2. Building Comprehensive Tests

With tests, AI can self-verify its changes. Without tests, AI either asks the human for confirmation or proceeds without verification.

Tests directly amplify AI’s autonomous capability.

3. Accumulating Skills

Recurring tasks get defined as skills. Like “Generating Meeting Minutes from Video with Gemini CLI” and “gh-security-scan,” defining workflows as skills means you can delegate the same patterns to AI repeatedly.

I maintain a growing collection in the oh-my-skills repository, supporting Claude Code, Codex, and Gemini CLI.

4. Running Multiple AIs in Parallel

The “Using Three AIs Like a MAGI System” approach extends to autopilot workflows. Delegate refactoring to Claude Code while Codex implements a separate feature. As I noted in “Comparing Multi-Platform Strategies: Claude Code, Codex, and Gemini,” each tool has distinct strengths.
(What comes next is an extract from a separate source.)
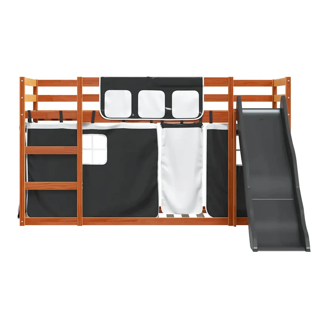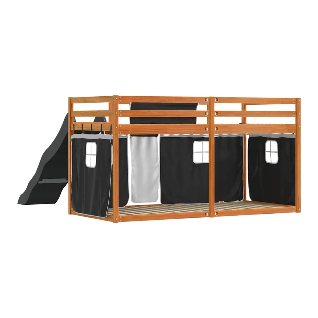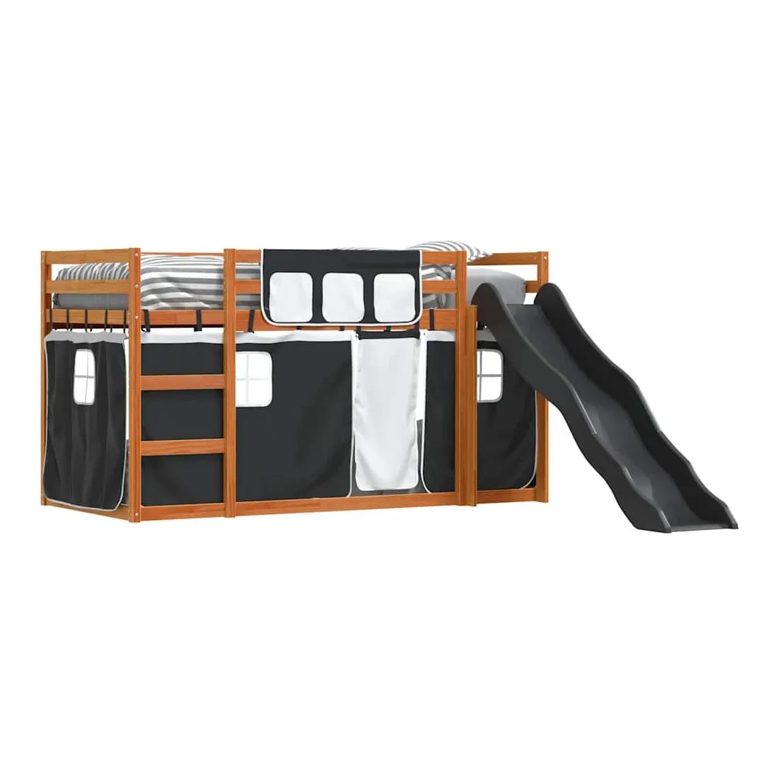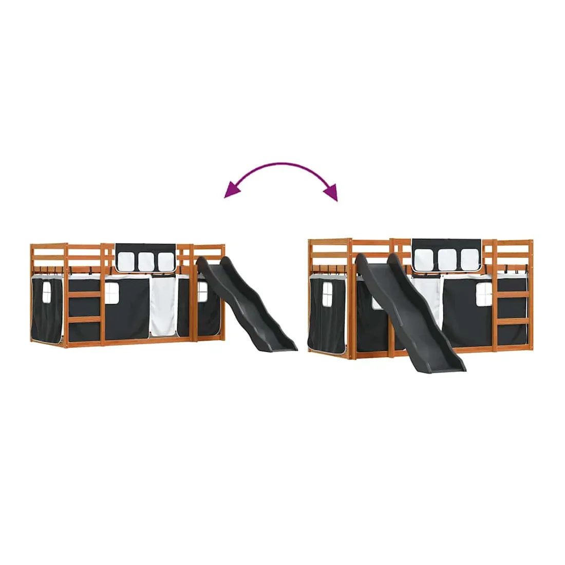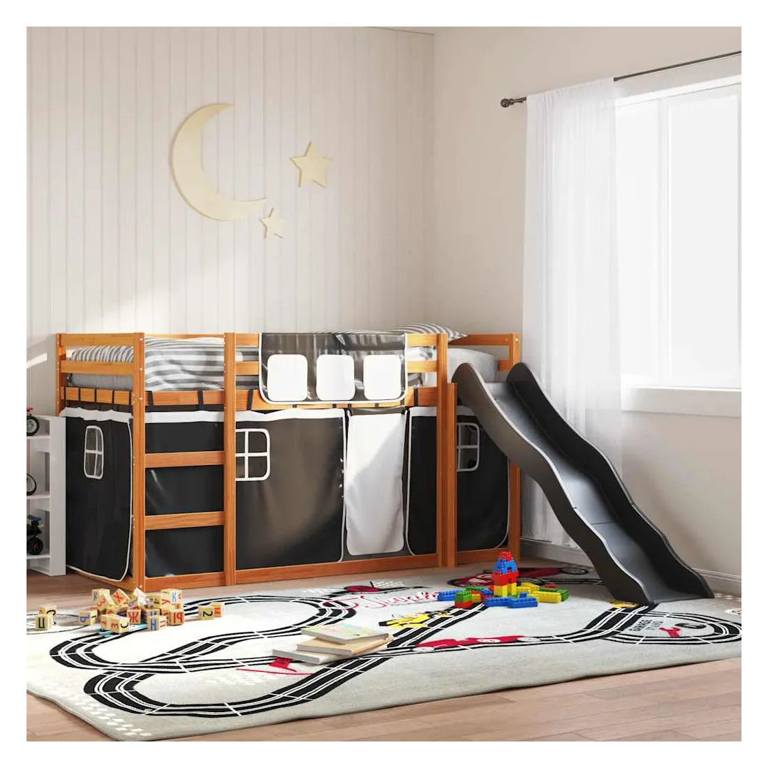 Ce lit superposé en bois est élégant et fonctionnel, ce qui en fait un supplément parfait à toute pièce dont l'espace est limité. Bois de pin massif : ce lit superposé est fabriqué en bois de pin massif pour plus de stabilité et de durabilité. Le bois de pin a un grain droit et les nœuds donnent au matériau son aspect rustique caractéristique.Très amusant : vous pouvez combiner les rideaux avec le lit superposé bas pour créer la base secrète de votre enfant, ce qui permet de s’amuser à l’heure du coucher et d’ajouter un point d'intérêt à la chambre à coucher !Barrières de sécurité : le lit supérieur est équipé de garde-corps de sécurité sur les 4 côtés, afin que votre enfant puisse dormir sans craindre de tomber.Échelle et toboggan pratiques : ce lit superposé est doté d'un toboggan amusant qui apporte de la joie et transforme leur chambre en une aire de jeux intérieure. La combinaison d'une échelle d'escalade et d'un toboggan rend l'heure du coucher plus vivante et plus intéressante pour les enfants.Lattes robustes : les lattes de contreplaqué assurent une bonne répartition du poids, garantissant que le matelas reste en place à chaque torsion de votre corps pendant le sommeil. Bon à savoir :Un matelas n'est pas inclus avec ce lit. Nous offrons une sélection variée de matelas. Vous pouvez consulter notre boutique pour trouver un matelas assorti. Attention :Pour éviter qu'il ne bascule, ce produit doit être utilisé avec le dispositif de fixation murale fourni.
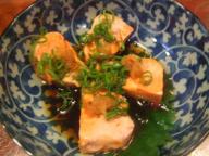 金曜日の「かん」は満員・・・どこか他探そうかな、と思っていたらあけていただきました。奥に団体さんも入って大忙しの「かん」。まあ一杯飲みながら気長に待ちましょう。金曜日だし。 シンプル・イズ・ベストの湯豆腐。湯豆腐の美味しい季節になってきましたね。かんさんとこの湯豆腐は出汁も美味しいのですよね。日本酒は「ひやおろし」が飲みたいな。乾坤一 純米 1.8L今日の乾坤一はひやおろし。一回火入れの生詰、山田の50。あいちゃんたっぷりこぼしてね。 今日のメインは「たらきく」。真鱈の白子です。BGMのクラシックも冬のイメージでかかりました。今年も後少しですね。(しんみり)舞茸を焼いていただきました。秋ですね~(さっきまで冬だったのでちょっと戻った)秋を味わいに遠征したいですね。京都に行きたいけど、山の中の温泉も良いかもしれません。ただシーズン中の観光地は一人旅派には厳しいですよね。どこかオススメあります?

Running multiple AIs in parallel maximizes the productive use of human wait time.

Takeaways

The Pomodoro Technique is a brilliant method. But its core assumption was that the human is the task executor. Now that AI agents are the executors, there’s no reason to follow a 25-minute timer.

What I adopted instead is a simple rhythm: align the human’s schedule with AI work cycles.

  • Use autopilot skills and autonomous execution modes to keep AI running as long as possible
  • While AI runs, humans focus on work that only humans can do
  • Humans get tired. AI doesn’t. Rest when AI is working

In the “Harness Engineering” article, I cited Mitchell Hashimoto’s six-stage framework. The final stage is “always have agents running.” Once you achieve that state, your rhythm is no longer set by a timer but by AI task completion notifications.

Instead of a Pomodoro timer, I have AI task completion notifications. That’s my new Pomodoro.

That’s all from the front lines, where I’ve traded the Pomodoro timer for AI-driven development rhythms.